With pictures excluded, repeat exactly the lines from the one containing "The new edition" through the last line of the material below.

[Start of Attachment]

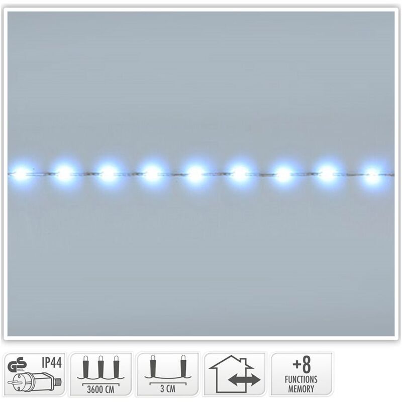 Ghirlanda in filo morbido 1200 led bianco freddo 36m 8 funzioni. filo trasparente, distanza lampadine: 3 cm, filo conduttore: 3m, sezione: 0,15mm², adattatore 31v / 3,6w, controller 8 funzioni con memoria.
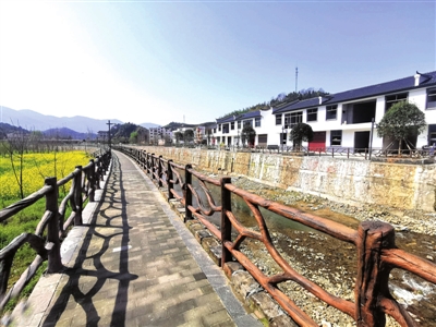与通羊镇港口村一条马路之隔,是大畈镇下杨村,这里的移民安置点,选用徽派风格,白墙黛瓦,与屋前的青山浑然一体。
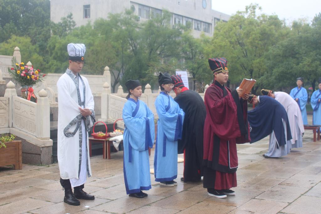 9月19日下午,成人短视频 传统礼仪研修中心在孔子文化广场举行了“释菜礼”展演。成人短视频 各分工会领队和青年教工现场观礼。
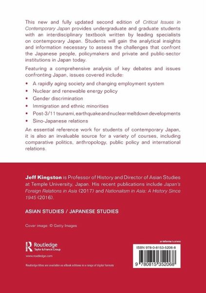 The new edition of Critical Issues in Contemporary Japan provides students with an interdisciplinary textbook written by leading specialists on contemporary Japan. Students will gain the analytical insights necessary to assess the challenges that confront the Japanese people, policymakers and private and public sector institutions today.
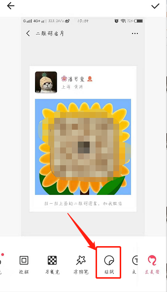 2、选择好你要覆盖的二维码图片后,进入美化页面,点击下方“贴纸”按钮

[End of Attachment]

- **Written solution**:
 The new edition of Critical Issues in Contemporary Japan provides students with an interdisciplinary textbook written by leading specialists on contemporary Japan. Students will gain the analytical insights necessary to assess the challenges that confront the Japanese people, policymakers and private and public sector institutions today.
 2、选择好你要覆盖的二维码图片后,进入美化页面,点击下方“贴纸”按钮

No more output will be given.